* [Recorded data]:
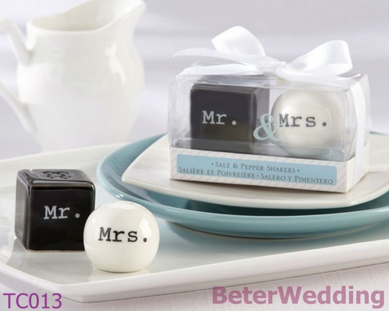 Party Favors, "Mr. & Mrs." Ceramic Salt & Pepper Shakers by BeterWedding.com BETER-TC013
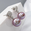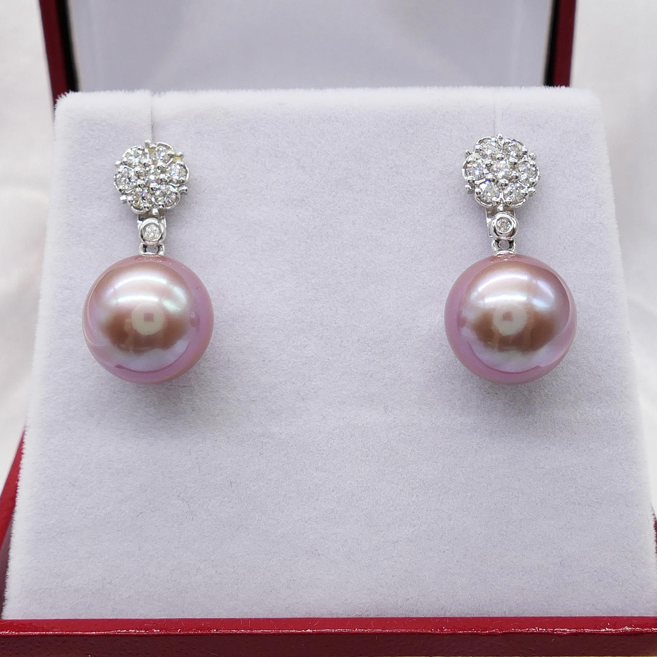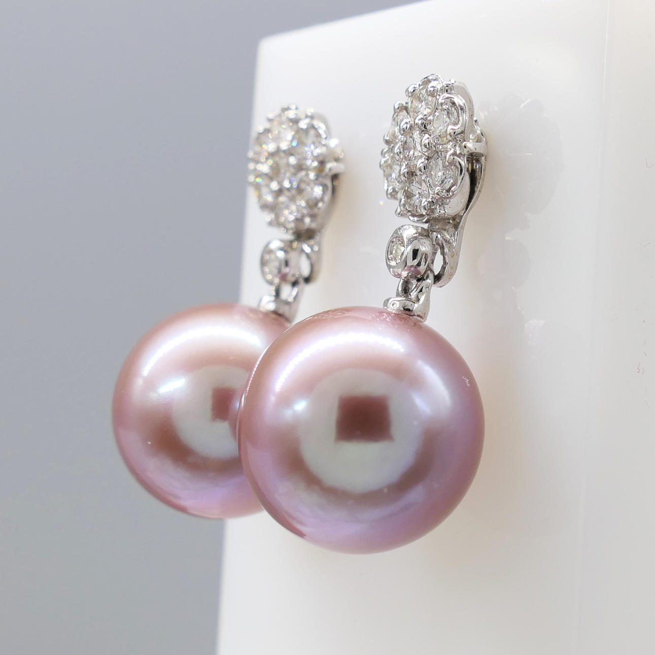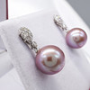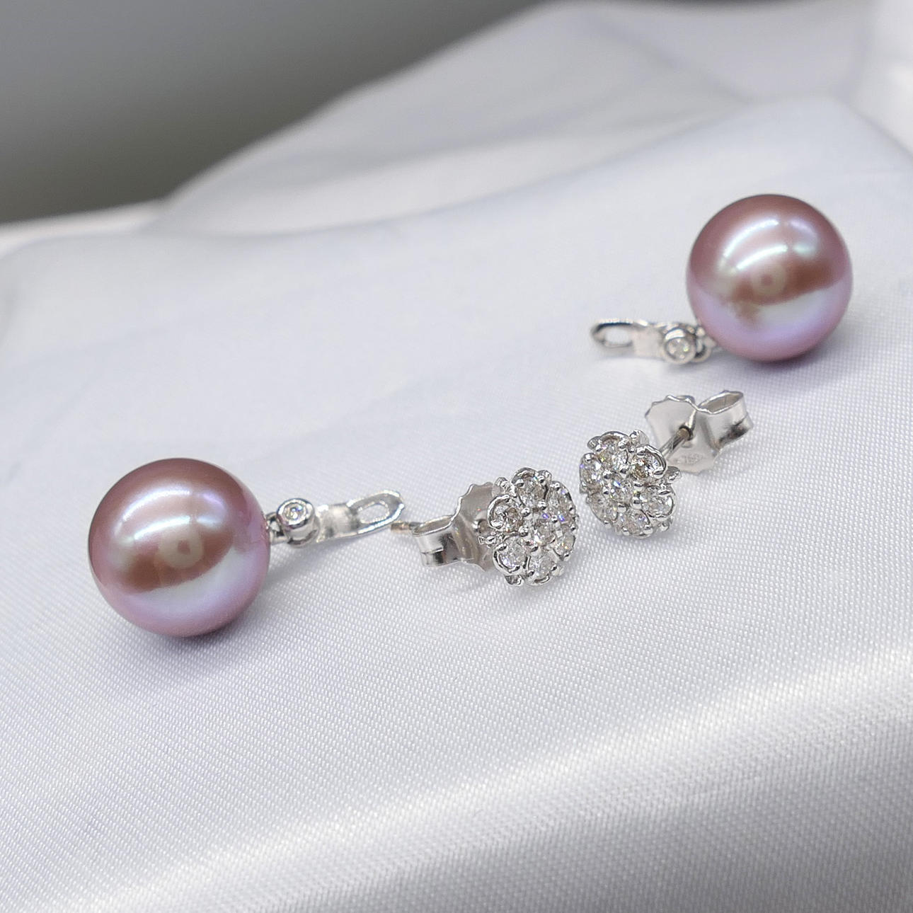 A pair of pinkish grey cultured Tahitian pearl earrings with detachable diamond daisy bales, in 18k white gold
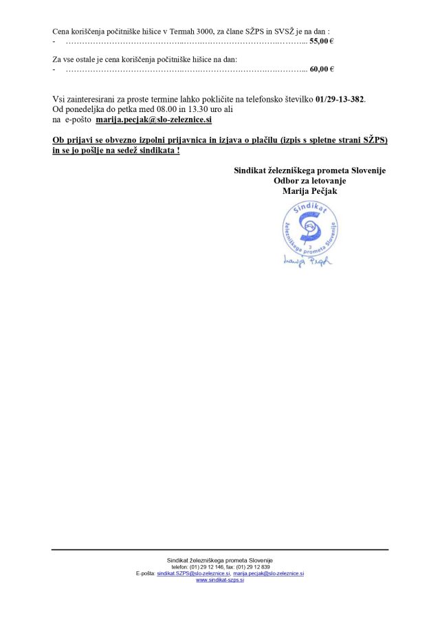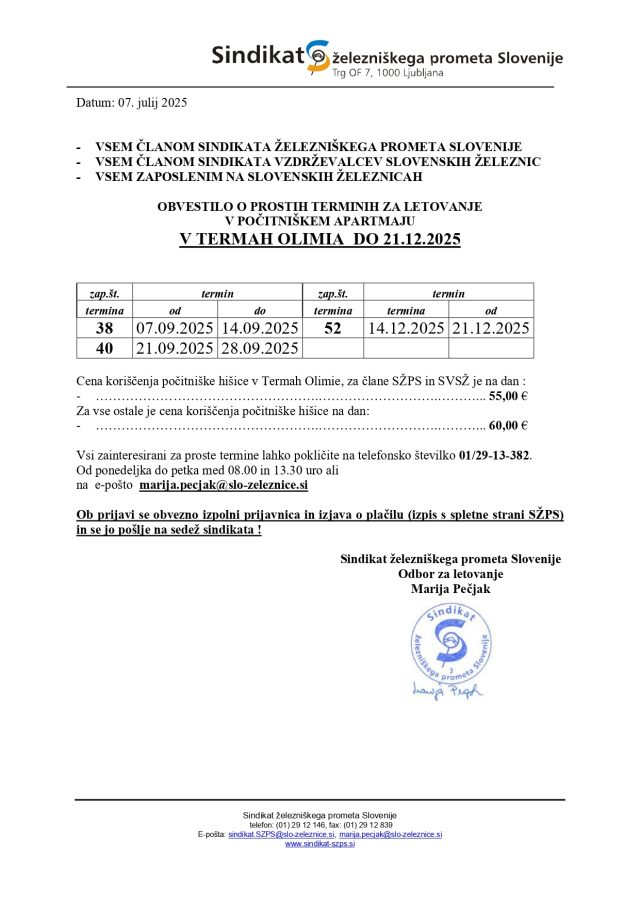 Odbor za letovanje Sindikata železniškega prometa Slovenije objavlja proste termine v Termah 3000 in Termah Olimia na dan 7. julij 2025 -vabljeni k prijavi.

* [Requirement]:
Reproduce the data word for word, excluding its pictures.

* [Written solution]:
 Party Favors, "Mr. & Mrs." Ceramic Salt & Pepper Shakers by BeterWedding.com BETER-TC013
 A pair of pinkish grey cultured Tahitian pearl earrings with detachable diamond daisy bales, in 18k white gold
 Odbor za letovanje Sindikata železniškega prometa Slovenije objavlja proste termine v Termah 3000 in Termah Olimia na dan 7. julij 2025 -vabljeni k prijavi.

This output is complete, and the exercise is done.